Do not let your hearts be troubled,

And do not let them be afraid.

These words are so familiar to us that I suspect we rarely stop to consider them. But note what Jesus is saying. The peace that he gives is not even remotely like anything we understand as happiness – for remember the people of Jesus’ time understood very well the two kinds of happiness – the selfish as opposed to the humbly contented – the idea comes from Epicurus and was a commonplace of philosophy - but he goes one step further, and promises them something else again. I do not give as the world gives – blessed are the poor, blessed are you when men persecute you – there is nothing there about feeling at peace, about feeling happy. Do not be troubled, do not be afraid, he says, implying that these good and humble people will often feel troubled and afraid – they will feel very far from happy. But nonetheless they will be blessed.

There’s a lovely illustration of this principle of unhappy happiness in the Little Flowers of St Francis, a story called the Perfect Joy. St Francis, far from being all sweetness and light, was as good at staring misery in the face as any person has ever been.

In the episode told in chapter 8, Francis and Brother Leo are walking along towards the convent of St Mary of the Angels. It’s freezing cold. Francis wiles away the time by talking to Leo about the perfect joy, in the way you plan your summer holidays in the middle of winter. Francis lists off all the things that might, in Leo’s eyes constitute happiness for him.

    • If the Friars Minor were acknowledged as the wisest and holiest order in the world – would that be the perfect joy? Not it would not.
    • What if the Friars Minor could make the lame to walk, give sight to the blind, hearing to the deaf, speech to the dumb, or even go so far as to raise the dead - would this be the perfect joy? No, it would not.
    • And what about if the Friars Minor were so learned and wise that they knew all languages, even the tongues of angles; understood the courses of the stars and the qualities of all living things - would this be the perfect joy? No, it would not.
    • Shortly after, the story tells us, he cries out again: "O Brother Leo, if the Friars Minor could explain all Scripture; if they had the gift of prophecy, and could reveal, not only all future things, but the secrets of all consciences and all souls, or best of all, if they had the gift of preaching so as to convert all infidels to the faith of Christ – would this? No – it would not…."

Well, you can imagine by this time, Brother Leo is becoming quite impatient, as well as cold, and is no doubt imagining that the perfect joy would be a dry feet and a warm nose.

‘Well’, he asks Francis, ‘well, what is the perfect joy?’

‘Imagine,’ says Francis, ‘imagine we have arrived at St Mary of the Angels, all drenched with rain and trembling with cold, all covered with mud and exhausted from hunger – ‘

‘Yes yes, that will be good!’ cries Leo, thinking of firelight and the smell of bread.
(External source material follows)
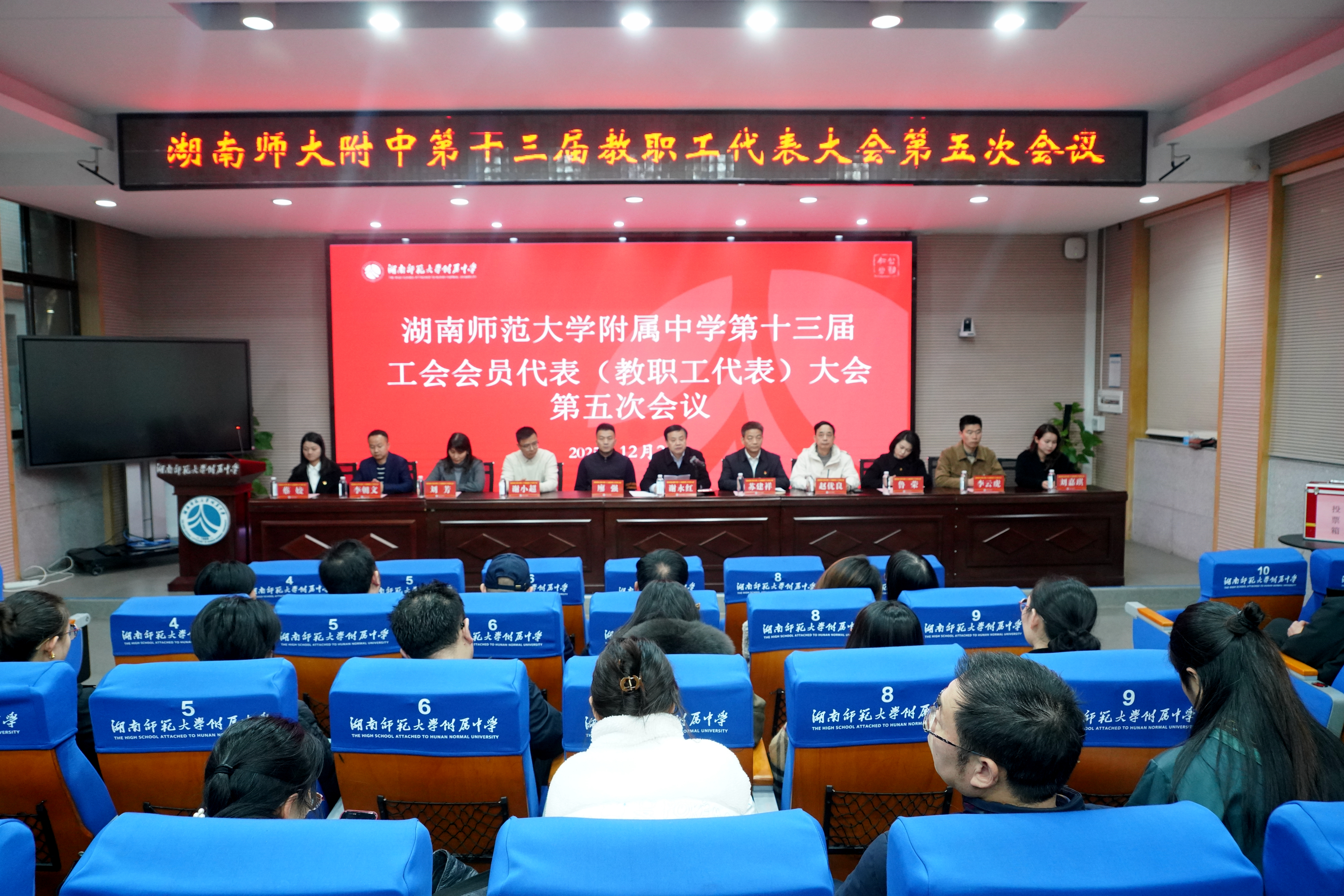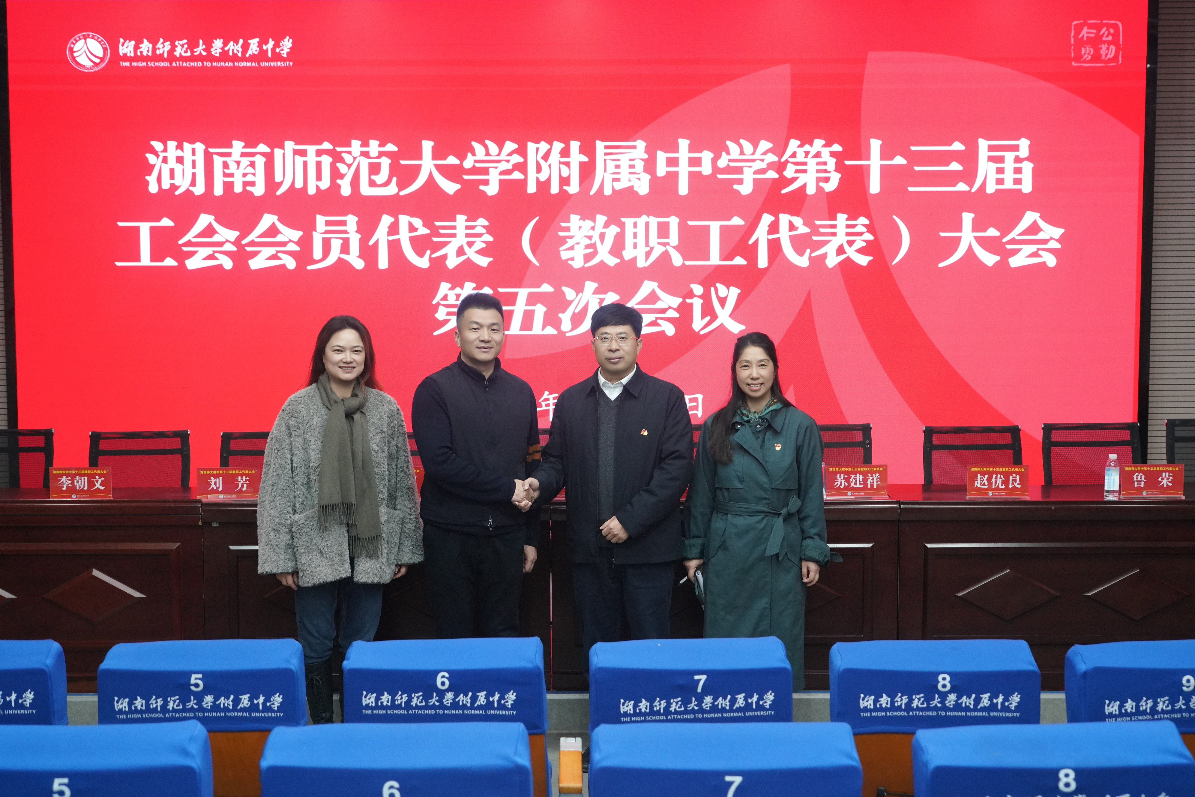 大会在庄严的国歌奏唱声中拉开帷幕。会上,谢永红宣读了湖南省教育工会《关于湖南师范大学附属中学工会主席、副主席候选人的批复》,随后大会表决通过选举办法与选举工作人员名单。校长苏建祥介绍了候选人基本情况。经全体代表民主投票,选举许小平为第十三届工会委员会主席、苏晓玲为副主席。新当选的工会主席许小平作表态发言,表示将以 “服务教职工、助力学校发展” 为核心,从坚持正确方向、竭诚服务职工、加强民主管理、提升履职能力四方面认真履职,致力于把工会建成教职工信赖的 “职工之家”。

"if, when we knock at the convent-gate, and the porter comes down, and we call out that we are two of the brethren – ‘

‘yes, yes indeed’, cries Leo, ‘how wonderful that moment is going to be! We go inside and get warm and fed! What joy!’

But Francis isn’t finished – ‘ and the porter refuses to let us in, crying out that we are two impostors, and refuses to let us in till nightfall. Shivering with cold and faint with hunger, we wait patiently and then we knock again, but still the porter shouts at us and tells us to be gone to the poorhouse for we are rogues and beggars! And when we entreat him with tears, he comes out of the convent and beats us up with a big knotted stick and rolls us into the snow - if we bear all these injuries’, says Francis, ‘with patience and joy, thinking of the sufferings of our Blessed Lord, which we would share out of love for him, write, O Brother Leo, that here, finally, is perfect joy.’